───── Available data ─────
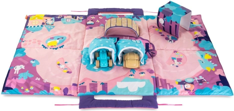 Facile da trasportare - una volta ripiegato, le macchinine possono essere riposte nelle tasche (garage) e, grazie alle maniglie, l’intero tappetino si trasporta facilmente e comodamente.
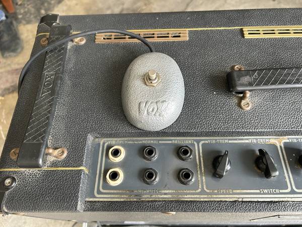 Corner bumpers, grill vents, grill cloth, Vox logo, and foot switch are non-original.
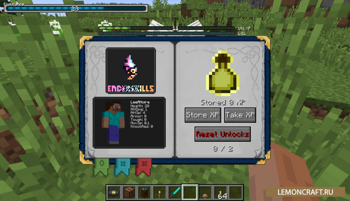 Мод на прокачку навыков Ender Skills довольно интересная модификация, которая позволит вам изучить мощные заклинания с отличной анимацией, а так же прокачать навыки, что пригодится при проведении PvP и PvE боях. Новые заклинания имею некоторое время на восстановление, поэтом не стоит пренебрегать в боях таким оружием, как лук и меч.
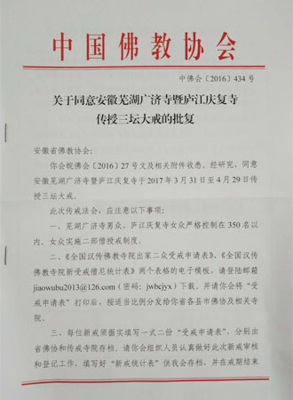 中国佛教协会关于同意安徽芜湖广济寺暨庐江庆复寺传授三坛大戒的批复
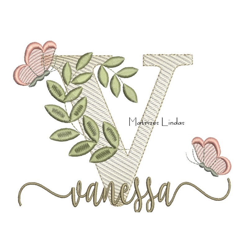 Matriz de Bordado Nome Vanessa Folhas e Borboletas
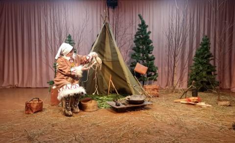 В сельском Доме культуры ребята с интересом слушали истории Валентины Сутлиной. Валентина Владимировна поделилась с детьми яркими воспоминаниями о своем детстве, о жизни в чуме, а также рассказала о разнообразии национальных блюд. Погрузиться в атмосферу прошлого помогло тематическое оформление сцены и национальный костюм героини вечера.
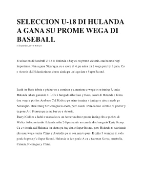 E seleccion di Baseball U-18 di Hulanda a bay cu su prome victoria, cual ta uno hopi
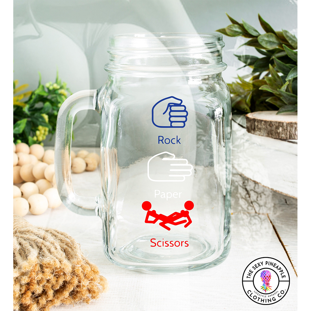 Rock, Paper, Scissors mature mason jar
─────
- Prompt -
Your answer must be an exact copy of the lines from the line with "Matriz de Bordado" to the final line of the data, both ends included, and no pictures.

- Finished exercise -
 Matriz de Bordado Nome Vanessa Folhas e Borboletas
 В сельском Доме культуры ребята с интересом слушали истории Валентины Сутлиной. Валентина Владимировна поделилась с детьми яркими воспоминаниями о своем детстве, о жизни в чуме, а также рассказала о разнообразии национальных блюд. Погрузиться в атмосферу прошлого помогло тематическое оформление сцены и национальный костюм героини вечера.
 E seleccion di Baseball U-18 di Hulanda a bay cu su prome victoria, cual ta uno hopi
 Rock, Paper, Scissors mature mason jar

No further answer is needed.